📣 Requestly API Client – Free Forever & Open Source. A powerful alternative to Postman. Try now ->

Running Ollama with Requestly – A guided tutorial

Sayanta Banerjee
Run LLMs fully locally using Ollama and route API calls with Requestly no backend code needed. Get private, fast, cloud-like AI responses right from localhost.
Running Large Language Models (LLMs) locally has become essential for secure, private, and low-latency AI development. Cloud LLMs are powerful, but not every project can afford to send sensitive business or user data across the Internet. With local execution, it can be solved by keeping computation fully on-device. In this guide, we show how to run an LLM fully locally with Ollama and route API traffic to that model with Requestly, without writing any backend code. This setup enables:
  • Real LLM responses served locally
  • Cloud-like API behavior
  • No dependency on OpenAI or hosted endpoints
  • Toggle between mock and real LLM responses instantly
Browser and frontend testing before backend integration We used the llama3.2:1b model because it is lightweight, fast on CPU, and ideal for developers working on laptops.

Throughout the tutorial, screenshots and terminal outputs will be inserted to validate each step of execution, so readers can confidently follow along and verify their own environment.

1. Install & Verify Ollama Locally

Ollama is a minimal runtime that exposes LLMs over a REST API running automatically on:
				
					http://localhost:11434
				
			

Install Ollama-

				
					curl -fsSL https://ollama.ai/install.sh | sh
				
			

Pull the model-

				
					ollama pull llama3.2:1b
				
			

Validate Ollama server is running

				
					ps aux | grep ollama
				
			
If you see:
				
					/usr/local/bin/ollama serve
				
			
It visually verifies:
				
					http://localhost:11434/
				
			
is responding

Test local inference via API

				
					curl http://localhost:11434/api/generate -d '{
 "model": "llama3.2:1b",
 "prompt": "hello"
}'
				
			
Expected streaming output like this:

2. Routing Local LLM Traffic via Requestly

To send LLM requests from a browser or external clients without modifying any application code, we use Requestly Redirect Rules.

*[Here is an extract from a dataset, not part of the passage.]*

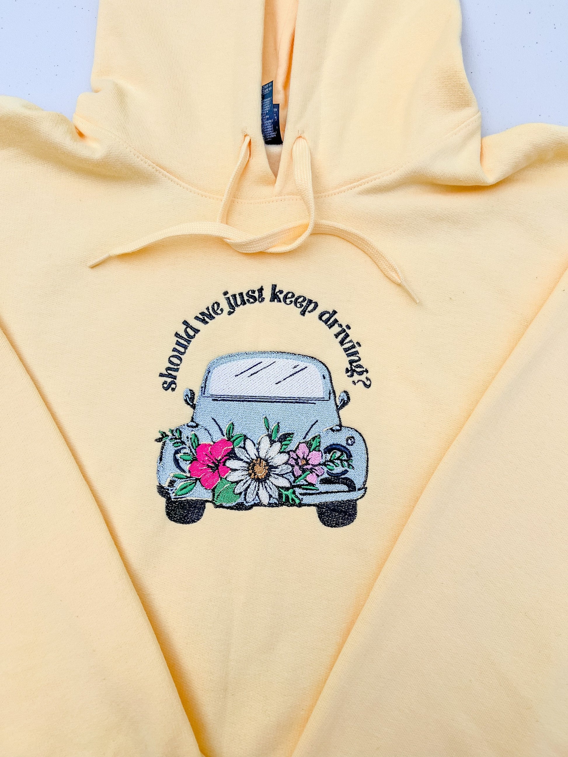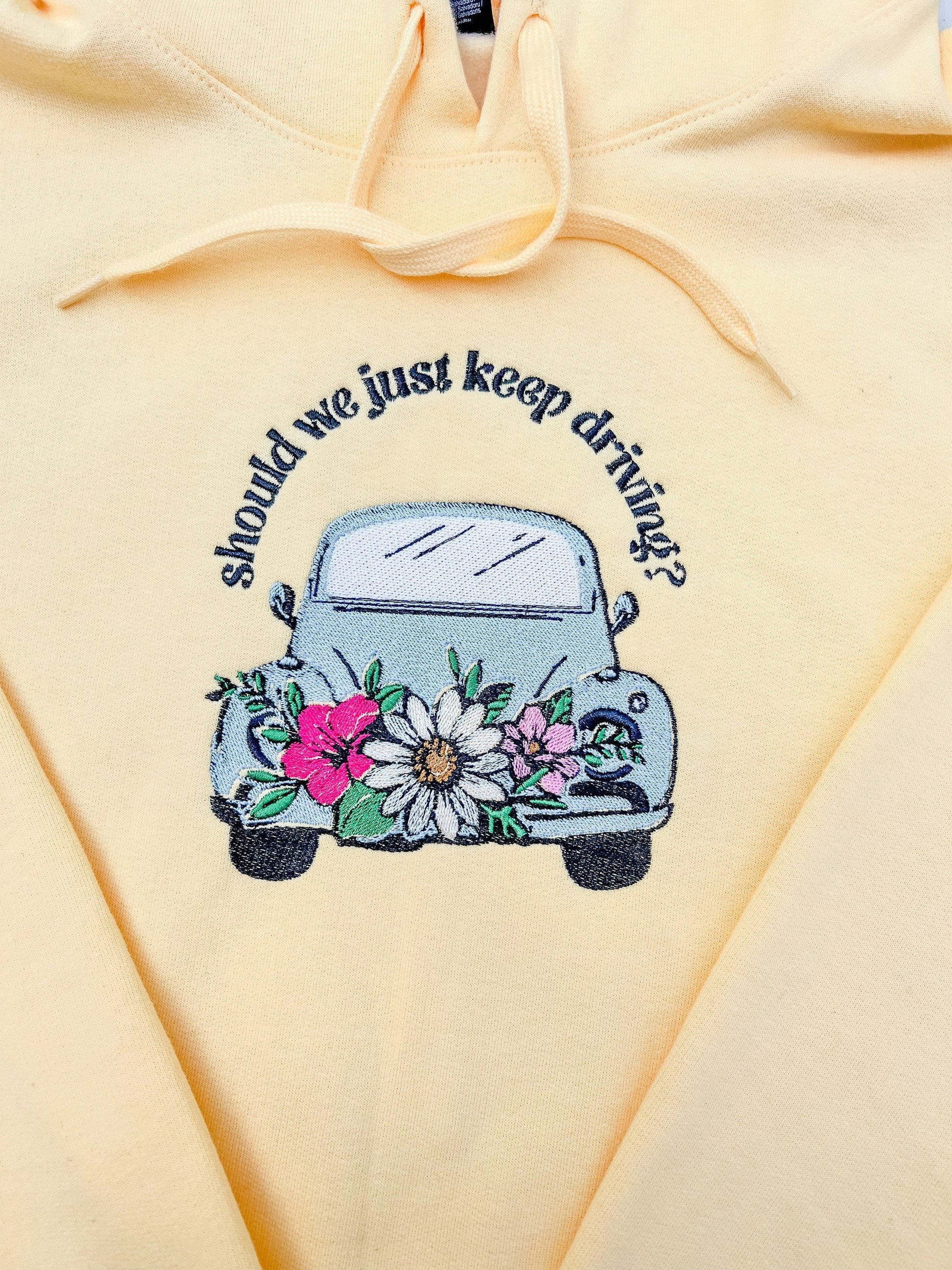 Should We Just Keep Driving - Floral Car || Harry Embroidered Crewneck and Hoodie

This creates a cloud-like API endpoint while maintaining full local execution.

Create Redirect Rule

  1. Open Requestly
  2. Go to Rules from the left sidebar
  3. Click New RuleRedirect Request

Fill in the configuration:

Field

Value

Rule Type

Redirect Request

IF - Request URL Contains

https://user1763230645199.requestly.tech/generate

Redirect destination

http://localhost:11434/api/generate

Rule Status

Enabled

Here is the final working Redirect Rule configuration.

Also, this rule enables the full request flow:

3. Test End-to-End Using Requestly API Client

Now, verify the redirect rule works.

API Client Request

Inside Requestly – API Client:

  • Method: POST
  • URL:
				
					https://user1763230645199.requestly.tech/generate
				
			
  • Body (raw JSON):
				
					{
  "model": "llama3.2:1b",
  "prompt": "Hello from Requestly"
}
				
			

Click Send.

You should see model tokens streaming back via local inference.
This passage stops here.